List operators are typical function-like macros that take arguments
as a list of named or positional parameters. Each parameter is an
C<Expression> node.

=item term

Term macros are like list macros, but never take any arguments.


=item quote

[ Note: notice camel-casing of LiteralString. Is that what was intended?
  -ajs
]

Quote macros take a single C<LiteralString> node. Backslash escaping
is performed only for the balancing quote terminator.
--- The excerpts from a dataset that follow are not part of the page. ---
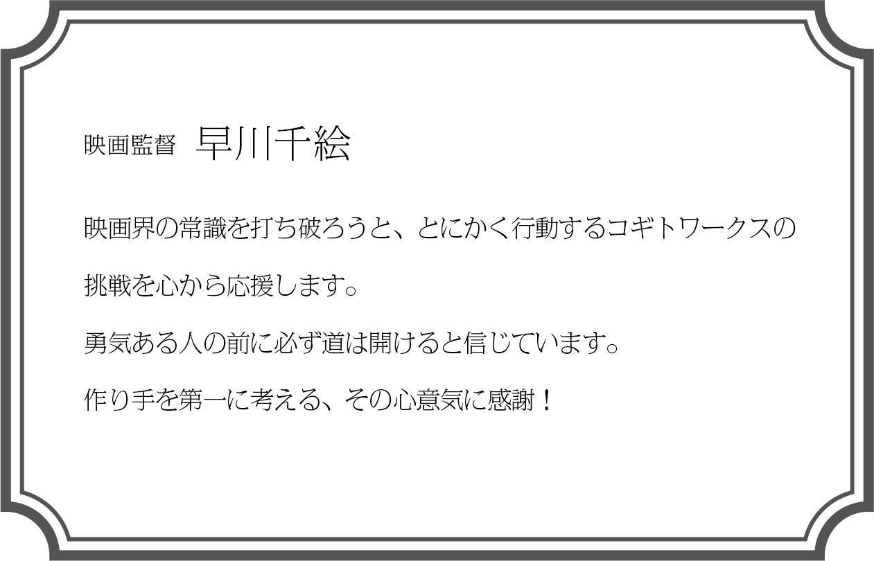 同時に、「企画開発」「制作」「仕上げ」「宣伝」「配給」を分業せず、一貫して行うということは、今後の映画ビジネスにおける1つの正しいカタチなのではないかと感じています。それを、我々コギトワークスが自ら実践していくことは、邦画業界の未来にとっても意義のあることだと信じ、このプロジェクトを立ち上げました。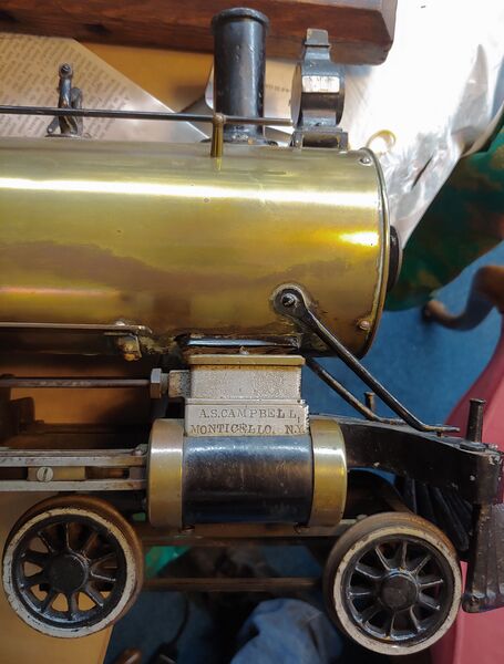 current08:10, 16 September 2021Thumbnail for version as of 08:10, 16 September 20213,406 × 4,489 (2.27 MB)Dnevil (talk | contribs)A 3-1/2 inch gauge 4-4-0 live steamer by Albert Campbell. Photo by Carey Williams, Sept 2021.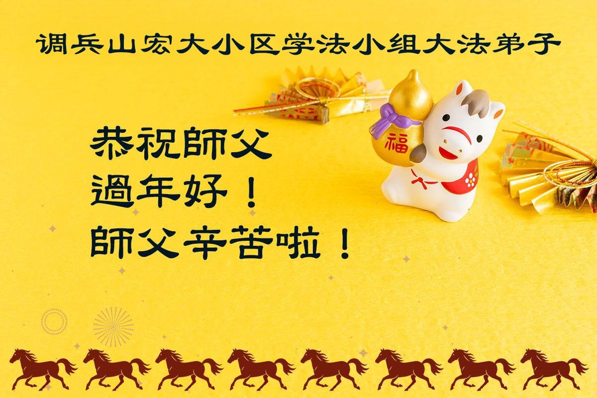 遼寧省鐵嶺市調兵山市宏大小區學法小組全體大法弟子恭祝師尊新年好!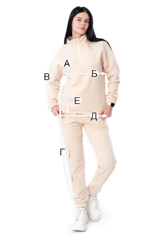 Костюм зручний і комфортний, виготовлений із трьохнитка петля з начосом (60% бавовна, 25% віскоза, 12% поліестер, 3% еластан).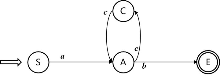 CurrentState = 'C'; // 接收到一个 'c' (总数为偶数),状态转移到 C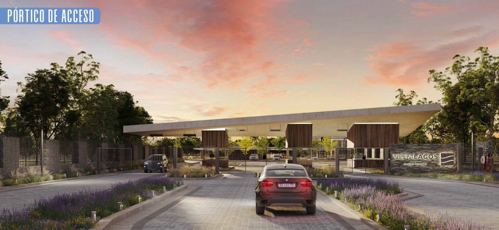 El acceso al barrio se dará mediante un boulevard de 3 carriles de entrada y 2 carriles de salida, enmarcando el acceso con un Portal de entrada acorde al lenguaje arquitectónico del emprendimiento.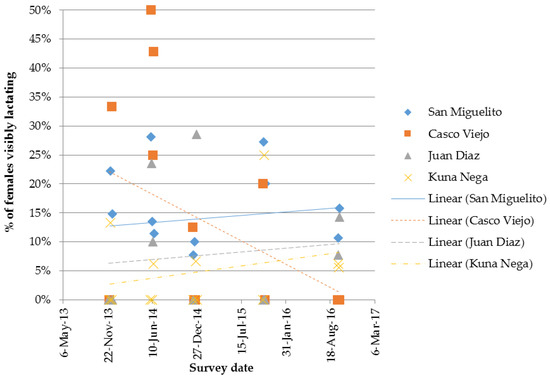 Percentage of females lactating at the time of observation; percentage for each of the four Panama City routes, at each survey event (comprised of two or three replicate surveys per route).
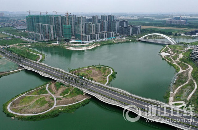 近年來,杭州進一步加大海綿城市建設力度。本組圖片為8月15日記者用無人機鳥瞰杭州錢塘區東湖防洪調蓄湖配套工程一期,其北岸的濱水空間“樣板段”已基本完工。該項目水域面積約34.5萬平方米,陸域面積約29.72萬平方米,涵蓋綠地面積約21.8萬平方米。公園以生態建設為核心,用多種植物打造水上森林、浩瀚蘆葦灘等特色景觀,延續生態野趣的濕地風貌,具備水質涵養及氣候調節等生態功能。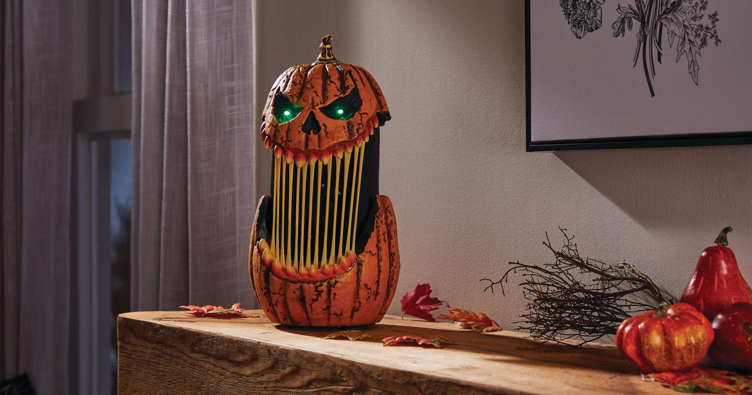 Personnage citrouille en relief qui est actionné par des mouvements ou des sons et est doté d'une fonction d'essai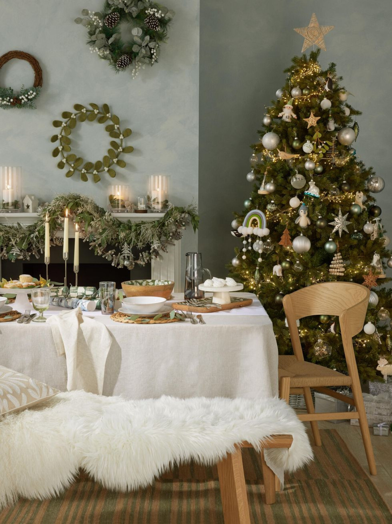 The first trend is very timeless and classic. The Nordic Christmas trend focuses on the North Pole. And we are not talking about Santa's Workshop, but about the nature of the North Pole and the Scandinavian countries. Think of lots of white, silver, some gold here and there, pine green and wood. Christmas ornaments such as porcelain polar bears and caribou fit in beautifully with this theme, as do our classic Delft blue Christmas baubles that are glossy white with a few cobalt blue decorations on top. The colors of snow, ice and deep blue skies.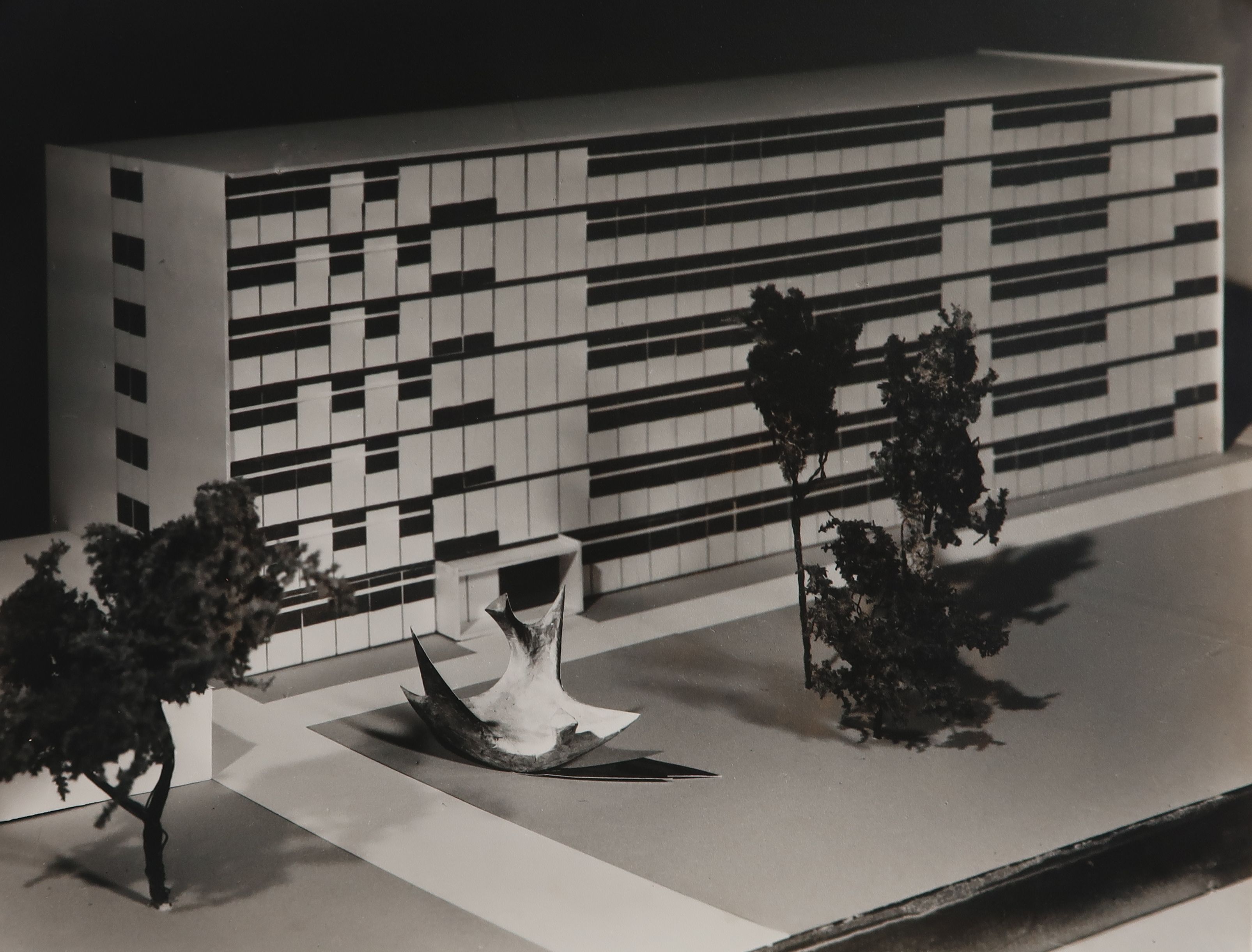 Maquette de la façade est du bâtiment B (internat et logements). André Remondet et Patrice Simon, architectes, 1966.Immatriculation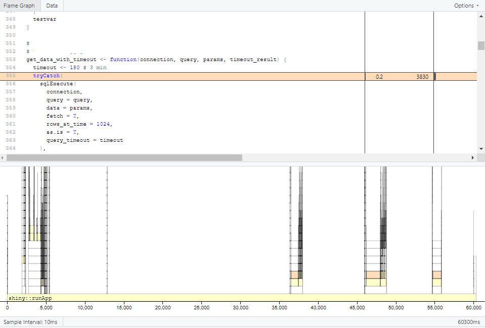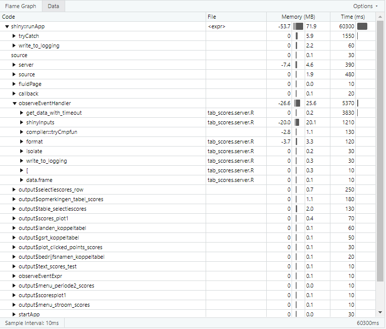 After the R Shiny dashboard starts we followed a test scenario and stopped the app. Then R Studio showed us the profile data in two tabs (images below). One tab with a flame graph so you can see the spikes in (wait) time / memory during the test scenario. The other tab shows the same data in a table per file / function.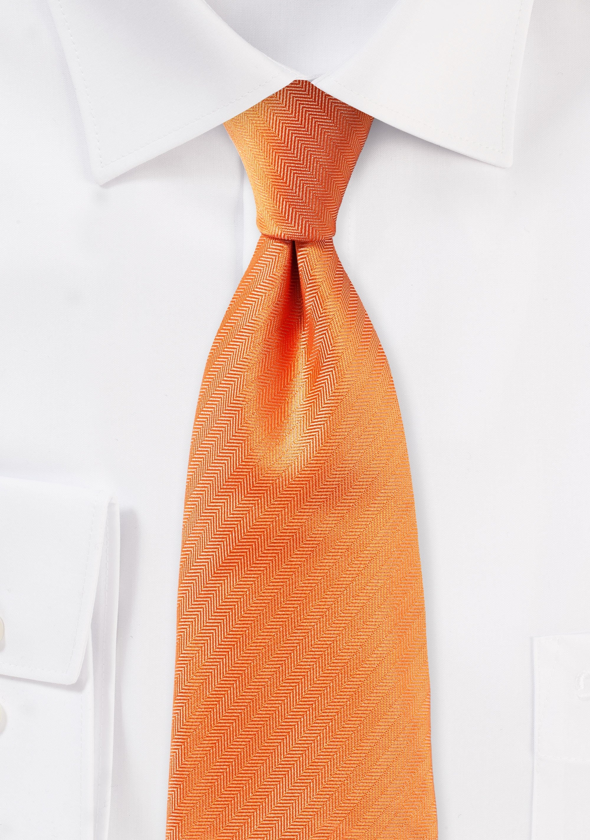 Introducing the Tangerine Herringbone Necktie, a sartorial masterpiece that exudes both sophistication and charisma. This eye-catching accessory is bound to turn heads with its vibrant tangerine hue and timeless herringbone pattern. Pair it with a crisp white dress shirt for a bold and contemporary look that demands attention, making it the perfect choice for both formal events and business meetings. Whether you're shopping for mens suits or preparing for a wedding, this necktie effortlessly complements a variety of suit colors, from classic navy to modern charcoal gray. Elevate your style game and make a lasting impression with the Tangerine Herringbone Necktie—a symbol of refined taste and effortless elegance.
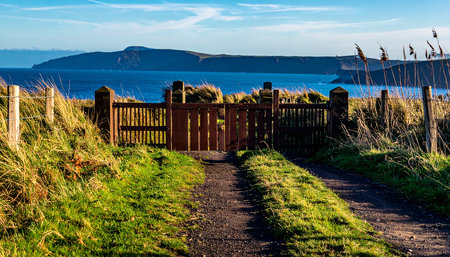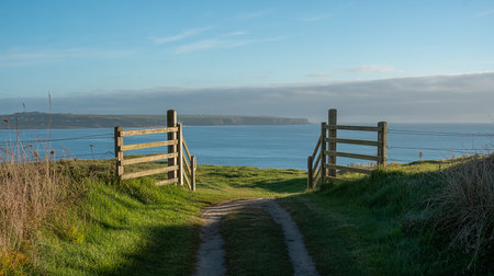 Path leading to the sea at low tide with wooden gate and grass
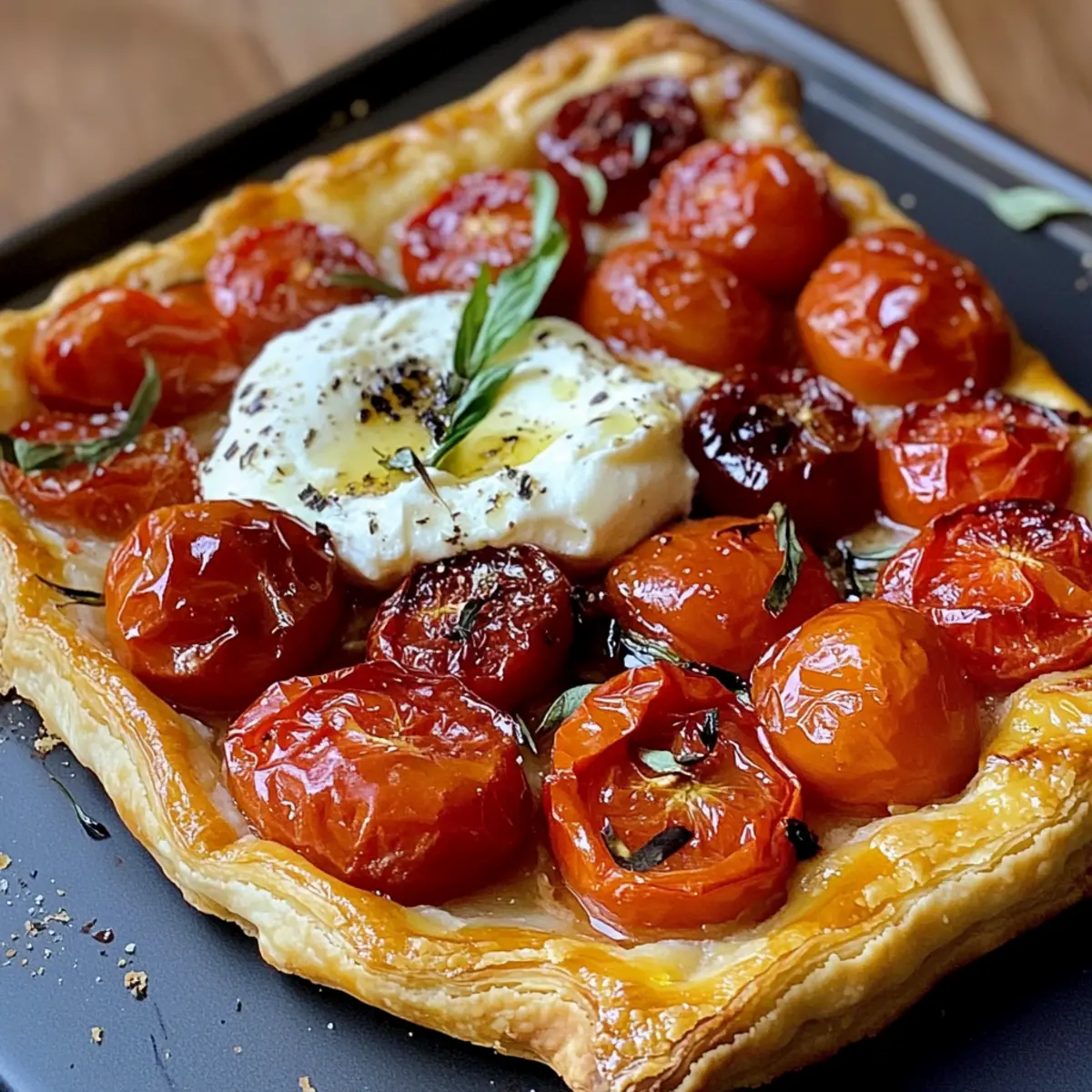 - Würzige Variante: Füge eine Prise rote Chilipulver oder frisch gehackte Chilis zu den karamellisierten Tomaten hinzu, um der Tarte einen würzigen Kick zu verleihen. Der Kontrast zwischen süß und scharf macht sie besonders aufregend.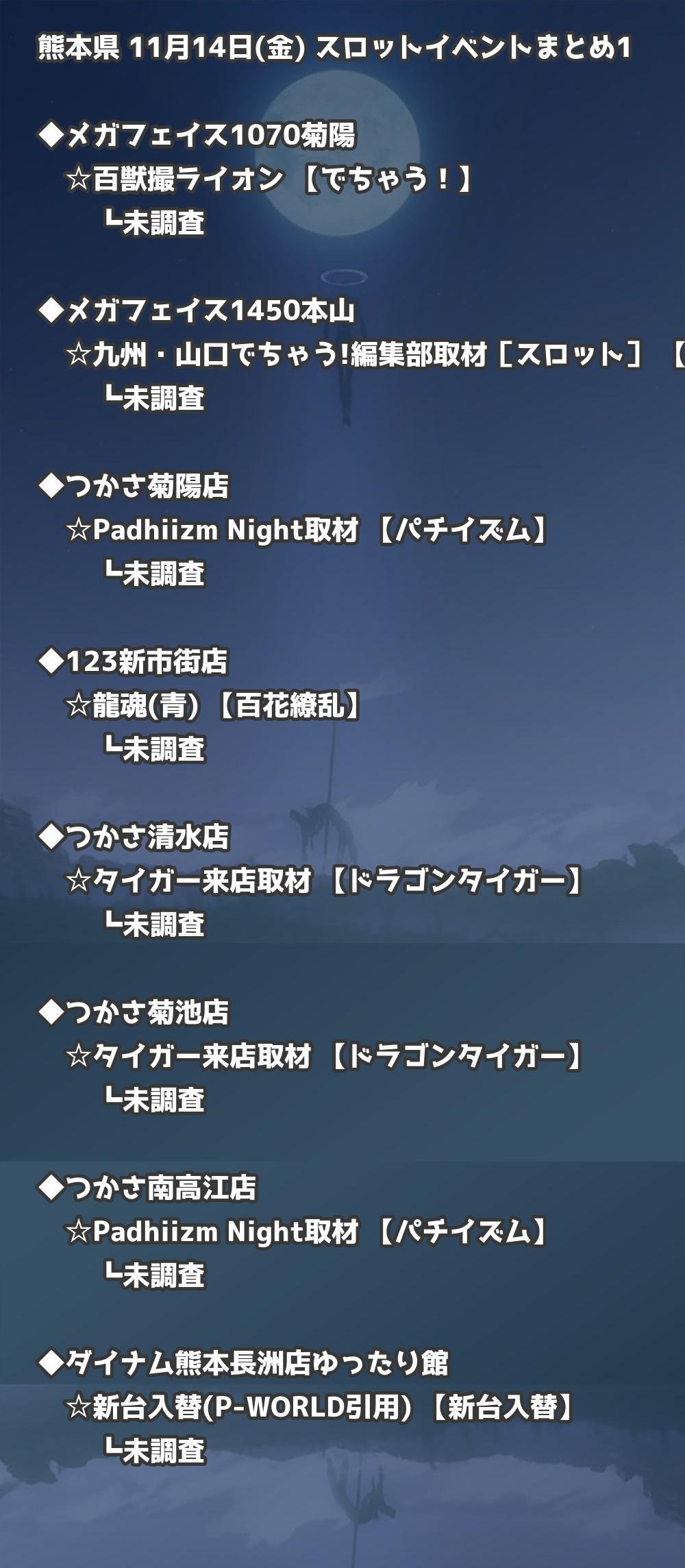 【熊本県】11月14日(金) パチンコホールイベント取材まとめ記事です。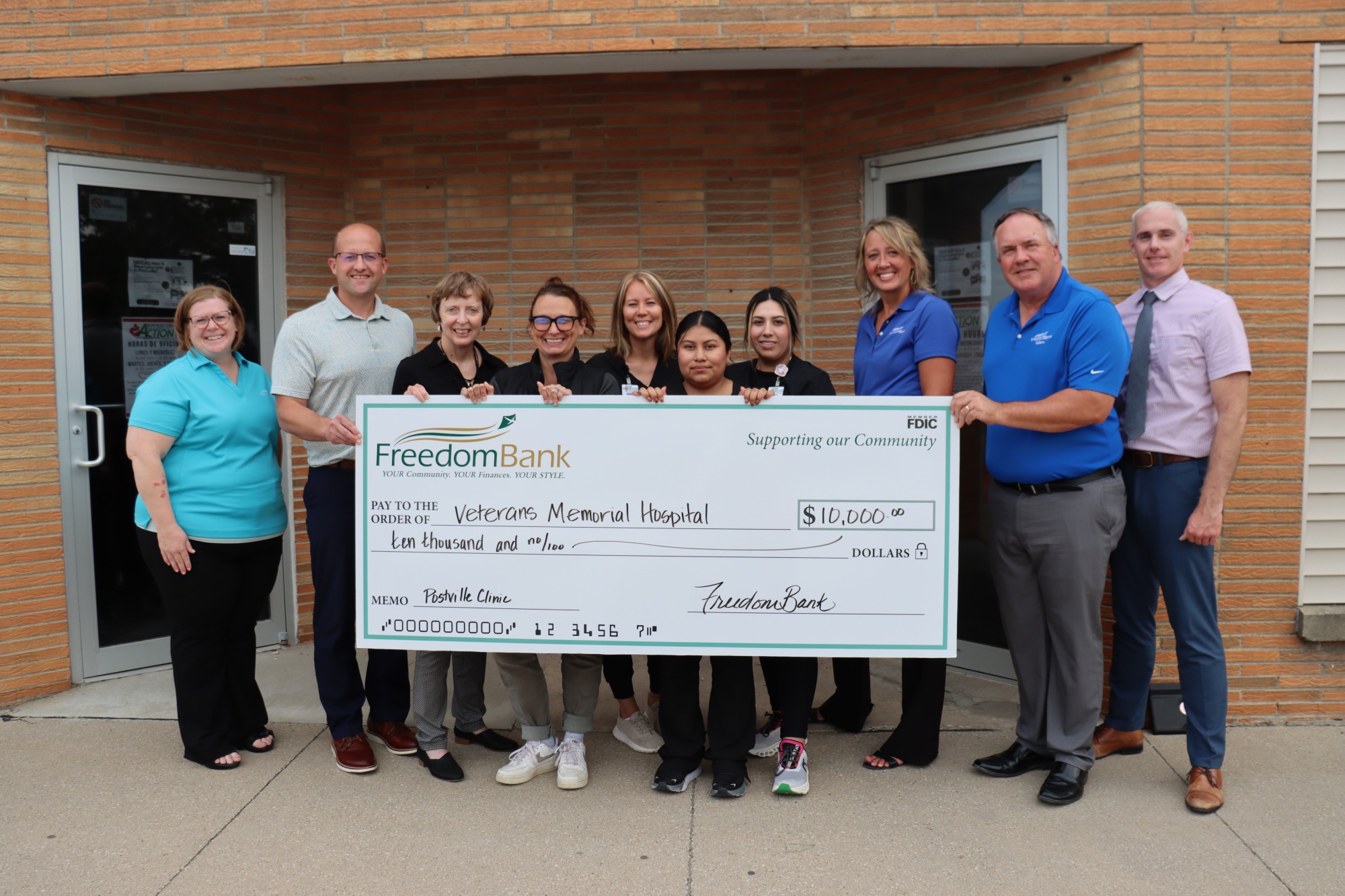 FreedomBank is the first corporate sponsor to come forward with a large donation to the fundraising campaign for a new Veterans Memorial Hospital Postville Medical Clinic. Their generous donation of $10,000 was recently gifted to this project as a pacesetting donation to help jump-start this campaign.

Should some other
sort of parsing be required, use the "is parsed" trait.

=item prefix

Prefix macros take only a single C<Expression> parameter.

=item infix

Infix macros take two C<Expression> parameters.

=item postfix

Postfix macros can never be "is parsed" because their only parameter
(an C<Expression> node) is found before the macro name in the
program text.

=item circumfix

Circumfix macros take a single C<Expression> as a parameter.

=item postcircumfix

Postcircumfix macros take two parameters. The first a C<Value>. The
second is an C<Expression> that comes inside of the circumfix delimeters.

=item regex_metachar

=item regex_backslash

=item regex_mod_internal

=item regex_assertion

=item regex_mod_external

TBD

=item trait_verb

=item trait_auxiliary

[ Ok, here's a scary kind of question... can a macro be multi,
  dispatched at compile-time based on AST sub-types? If so, that
  answers the question of how "class Foo is Bar" is distinguished
  from "my Foo $x is Bar" which is similar, but certainly has very
  different types of parameters (the LHS is an AST node that
  is either a class name or a variable declaration). -ajs
]

=item scope_declarator

Scope_delcatator macros take a C<Pad> node which contains the information
about the variable being declared.

=item statement_control

Statement_controls are like if or while, and take an C<Expression>
and a C<Block>.

[ Question: How is elsif/else handled? Are they named as part of the
  macro somehow, or must any elsif block ever be called "elsif"? -ajs
]

=item statement_modifier

Statement_modifier macros take two parameters, a C<Statement> and
a C<expression>.

=item infix_prefix_meta_operator

=item infix_postfix_meta_operator

=item prefix_circumfix_meta_operator

All of these macro types take three paramters: a C<Expression> for
the LHS, an C<InfixOperator> node for the operator that it is modifying,
and an C<Expression> for the RHS.

[ Question: infix_postfix_meta_operator is designed for defining
  '=' which will take an LValue for its first parameter, but
  not all such operators will be for assignment, potentially.
  Again, this brings up the question of multi dispatch on AST
  node types. Is that what's intended, or should macro operator
  types be richer? -ajs
]

=item postfix_prefix_meta_operator

Postfix_prefix_meta_operator macros take an C<LValue> and a
C<PostfixOperator> as parameters.

=item prefix_postfix_meta_operator

Prefix_postfix_meta_operator macros take a C<PrefixOperator>
and an C<LValue> as parameters.

=item infix_circumfix_meta_operator

Infix_circumfix_meta_operator macros take an C<InfixOperator> and
an C<Expression> as parameters.

[ Question: What about sub, is that a statement_control? What
  about use? Is that just a list op that does its thing at
  run-time? -ajs ]

=head2 Accessing AST Internals

C<AST>s can be treated much the same as any rule state object. They
can be indexed like a hash to extract their match terms (in this case,
subrule names that match AST nodes). However, they also carry state
information about the file being parsed.

[ Question: how is that state information extracted? Is there
  a method that can be called to get line number for example? -ajs ]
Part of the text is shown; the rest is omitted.